Rescatar la memoria.

Rescatar la memoria.

29/3/23

Haroldo Conti

“Los antagonismos entre el imperialismo 
y nuestros pueblos son profundos y violentos 
en todos los frentes incluido, por supuesto,
 el de la lucha cultural".

 Conti y la Beca Guggenheim

Marcha, Montevideo, N°. 1584, 10 de marzo de 1972

Con esta carta─ enviada por Conti para su difusión a través de Marcha ─el autor de En vida último premio novela Barral, responde a la invitación que se le hiciera de acogerse a la famosa beca Guggenheim.

Buenos Aires, 28 de febrero de 1972

Señor Stephen L. Schlesinger

John Simón Guggenheim Memorial Foundation

Estimado señor:

                         Lamento responder con tanto atraso a su atenta carta del 2/12/71. Ello se debe a que yo estuve ausente en Buenos Aires la mayor parte de ese tiempo y a que ustedes enviaron la carta a mi domicilio anterior. Por la misma, esa Fundación me comunica que se le ha sugerido mi nombre como posible interesado en una beca Guggenheim. Agradezco la intención del amigo que hizo la sugerencia y la gentileza de ustedes al enviarme,  los formularios correspondientes. Ahora bien, y con el respeto que ustedes merecen por el solo hecho de haber obrado con lo que se supone es un gesto de buena voluntad, deseo dejar en claro que mis convicciones ideológicas me impiden postularme para un beneficio  que, con o sin intención expresa, resulta, cuanto mas no sea por fatalidad del sistema, una de las formas más sutiles de penetración cultural del imperialismo norteamericano en América Latina. No es solo ni principalmente cuestión de la beca Guggenheim en sí misma, sino de política de colonización cultural de la que forma parte, en la que el imperialismo norteamericano no escatima esfuerzos de organizaciones estatales, paraestatales y privadas.
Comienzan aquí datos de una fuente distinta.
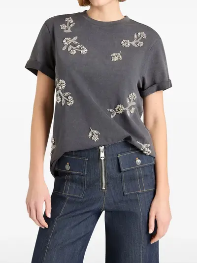 charcoal grey floral embroidery rolled sleeves relaxed fit crew neckline straight hem

                        Los antagonismos entre ese imperialismo y nuestros pueblos son profundos y violentos en todos los frentes, incluido por supuesto el de la lucha cultural, y en este momento han llegado a una etapa de grandes definiciones en toda la extensa nación latinoamericana. Esto impone la claridad y la coherencia como deberes ineludibles del intelectual latinoamericano, cuya condición de ninguna manera entraña un privilegio sino una entera y exigencia militancia.

                       No soy un hombre de fortuna, como tampoco lo son la mayoría de mis compañeros, porque en Latinoamérica ser escritor es casi  sinónimo de ser pobre, pero me parece inaceptable postularme para un beneficio que proviene del sistema al que critico y combato y que, por otra parte, y eso es lo más grave, de alguna manera me complica con él. No niego que, en el orden personal, habría significado una gran oportunidad para mí, ni critico por otra parte a quienes careciendo inclusive de las oportunidades que yo tuve aceptaron esa beca. Yo entiendo que no puedo hacerlo y que mi gran oportunidad en este momento es América, su pueblo, su lucha, la enseñanza y el camino que nos señalara el comandante Ernesto Guevara. Por lo demás yo he sido jurado de la Casa de la Américas en 1971, el mismo año en que usted me escribe, y considero que esa distinción que he recibido del pueblo cubano es absolutamente incompatible con una beca ofrecida por una Fundación creada por un senador de Estados Unidos, o sea, no un hombre del pueblo norteamericano, sino del sistema que lo oprime y nos oprime.

                     Atentamente,

                                                                                                                                           Haroldo Conti.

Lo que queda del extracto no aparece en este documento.